For men, the results from both the specification with a region fixed effect (column 5) and the specification with an individual fixed effect (column 6) show that men with higher education are more likely to run an incorporated firm when the vacancy rate is high.

How should these results be interpreted? It is not clear how the business cycle should affect the choice to have an incorporated or an unincorporated firm. One explanation for highly educated individuals switching to incorporated firms when the vacancy rate is high could be that it is easier to access financial capital in good times, especially if you have higher education.

6 Concluding discussion

This paper has investigated whether self-employment rates are correlated with the local business cycle. When the economy is growing, business opportunities open up to encourage the setup of new firms. In downturns, self-employment may be a way to avoid unemployment. The importance of these pull and push factors may be different depending on the amount of human capital a person has. The findings in the paper support this hypothesis: Individuals with a higher education level are more likely to be self-employed in regions where the vacancy rates are high compared to individuals with lower education. A part of this regional variation can be explained by regional fixed effects reflecting long-lasting differences across regions. However, when including regional fixed effects, there is still a correlation between self-employment and the local vacancy rate, which suggests that people with higher education are more likely to be pulled into self-employment when business opportunities arise compared to people with compulsory schooling only.

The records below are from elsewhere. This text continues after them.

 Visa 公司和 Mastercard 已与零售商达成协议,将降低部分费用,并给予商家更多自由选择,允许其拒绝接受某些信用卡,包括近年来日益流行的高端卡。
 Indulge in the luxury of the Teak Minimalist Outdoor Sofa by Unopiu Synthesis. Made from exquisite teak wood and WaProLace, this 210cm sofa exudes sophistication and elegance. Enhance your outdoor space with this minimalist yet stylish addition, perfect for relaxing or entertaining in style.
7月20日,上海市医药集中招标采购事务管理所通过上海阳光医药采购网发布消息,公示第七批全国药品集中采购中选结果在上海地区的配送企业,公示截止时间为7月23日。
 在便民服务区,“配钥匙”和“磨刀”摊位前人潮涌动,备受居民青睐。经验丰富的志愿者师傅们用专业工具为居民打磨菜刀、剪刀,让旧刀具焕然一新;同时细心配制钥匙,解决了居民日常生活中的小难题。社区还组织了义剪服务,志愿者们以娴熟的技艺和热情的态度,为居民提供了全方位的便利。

A fixed individual effect model is employed to study how individuals switch from and to self-employment, and it reveals that individuals with a higher education level are more likely to change to self-employment in good times compared to others. This pattern is especially strong for women even if the size of the effect is modest: A standard deviation increase in the vacancy rate increases self-employment among the highly educated by about 6 %, and among women with only compulsory schooling, there is no or even a negative correlation in some specifications between self-employment and the business cycle.

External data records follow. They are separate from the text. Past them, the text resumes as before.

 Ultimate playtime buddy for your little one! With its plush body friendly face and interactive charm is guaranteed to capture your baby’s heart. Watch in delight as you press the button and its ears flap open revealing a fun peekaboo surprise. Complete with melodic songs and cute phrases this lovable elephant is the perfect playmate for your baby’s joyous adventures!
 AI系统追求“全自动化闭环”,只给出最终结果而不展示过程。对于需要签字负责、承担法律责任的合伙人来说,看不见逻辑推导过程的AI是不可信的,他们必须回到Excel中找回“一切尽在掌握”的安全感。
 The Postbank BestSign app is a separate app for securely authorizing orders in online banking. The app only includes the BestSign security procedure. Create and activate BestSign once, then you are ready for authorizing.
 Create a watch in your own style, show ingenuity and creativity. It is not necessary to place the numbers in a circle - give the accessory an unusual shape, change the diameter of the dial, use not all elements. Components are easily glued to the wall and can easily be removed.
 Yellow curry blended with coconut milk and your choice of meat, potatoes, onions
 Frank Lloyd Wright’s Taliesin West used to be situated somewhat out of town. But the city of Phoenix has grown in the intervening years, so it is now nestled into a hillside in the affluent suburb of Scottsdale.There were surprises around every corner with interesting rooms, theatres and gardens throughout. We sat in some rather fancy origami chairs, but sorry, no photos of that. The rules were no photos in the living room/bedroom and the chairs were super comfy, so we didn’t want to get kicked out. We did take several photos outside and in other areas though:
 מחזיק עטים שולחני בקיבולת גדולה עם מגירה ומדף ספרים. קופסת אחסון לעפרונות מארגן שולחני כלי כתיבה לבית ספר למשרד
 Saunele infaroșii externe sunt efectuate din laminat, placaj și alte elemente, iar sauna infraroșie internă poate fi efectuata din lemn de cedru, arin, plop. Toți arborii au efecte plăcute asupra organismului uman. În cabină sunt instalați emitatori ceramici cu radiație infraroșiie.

One reason for why previous studies have failed to find a relationship between self-employment and the regional business cycle could be because different groups are affected differently. Thus, studying aggregate numbers may conceal heterogeneous responses to changes in the economic environment. The micro-level approach chosen in this study may also contribute toward understanding macroeconomic phenomena. As discussed earlier, cross-country studies find no consistent relationship between the self-employment rate and the national business cycles. The results in this study suggest that this may be because the strength of the push and pull factors differs across countries. At national level, it is clear that institutions and the functioning of the labor market are important for how self-employment rates respond to changes in the business cycle. For example, push factors may be strong if wages do not adjust in downturns, and unemployment benefits are low since more people may resort to self-employment to be able to support themselves in downturns. On the other hand, pull factors may be more important if rules and tax systems are favorable to risk-taking and promote self-employment when there are many business opportunities. It is thus an open question whether we would see the same pattern in other countries with different labor market institutions.

This paper also provides some evidence on the choice of organizational form by those who are self-employed. Highly educated men and women are more likely to switch to an incorporated firm when local labor market conditions are good. Since starting an incorporated firm requires an initial investment, this result may indicate that access to financial capital is important for the choice of organizational form. These results pose interesting questions about the effect of the business environment and are left for future research.